Der Arbeitgeber ist allerdings nicht zur Weiterzahlung des Lohns verpflichtet, stattdessen erstattet die Krankenkasse einen Teil des fehlenden Geldes. Das „Kinderpflege-Krankengeld“ beträgt 70 Prozent vom Bruttoverdienst, maximal aber 90 Prozent vom Nettoverdienst. Das dazu benötigte blaue Antragsformular bekommt man vom Kinder- und Jugendarzt. Er bescheinigt auf dem „blauen Schein“, dass das Kind wegen einer Erkrankung Betreuung und Pflege benötigt.
Wie lange besteht „Nestschutz“ gegen Krankheitserreger?

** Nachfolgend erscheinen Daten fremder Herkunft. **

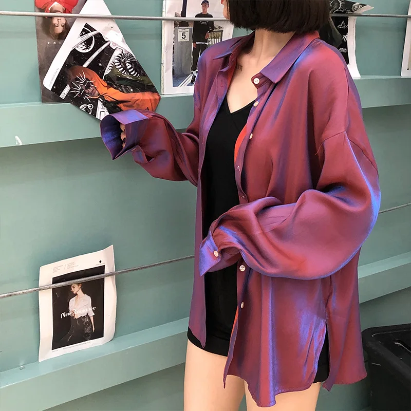 Женская атласная блузка с длинным рукавом, рубашки с блестками, винтажные офисные топы, женская модная длинная рубашка премиум-класса, blusa de mujer ins

Gegen einige Krankheiten wird das Baby bereits im Mutterleib „geimpft“: Es enthält über das Blut der Mutter Abwehrstoffe, die es nach der Geburt noch mehrere Monate vor bestimmten Infektionen schützen. Voraussetzung: Die Mutter hat die jeweilige Krankheit früher selbst durchgemacht oder ist dagegen geimpft worden.
Gegen Diphtherie und Tetanus sind Babys fünf bis sieben Monate geschützt. Gegen Masern sogar zehn Monate – aber nur, falls die Mutter die Krankheit selbst durchgemacht hat. Ist sie gegen Masern geimpft worden, hält der durch die abgeschwächten Impfviren vermittelte Nestschutz nur bis zum sechsten Monat. Vor Röteln sind Babys bis zum fünften Monat weitgehend sicher, vor Mumps während der ersten sechs bis acht Lebensmonate. An Windpocken erkranken Babys meist erst nach dem vierten Monat. Keinen Nestschutz gibt es gegen Keuchhusten, Scharlach, Tuberkulose und den Meningitis-Erreger HIB. Auch der Nestschutz gegen Kinderlähmung ist nicht zuverlässig.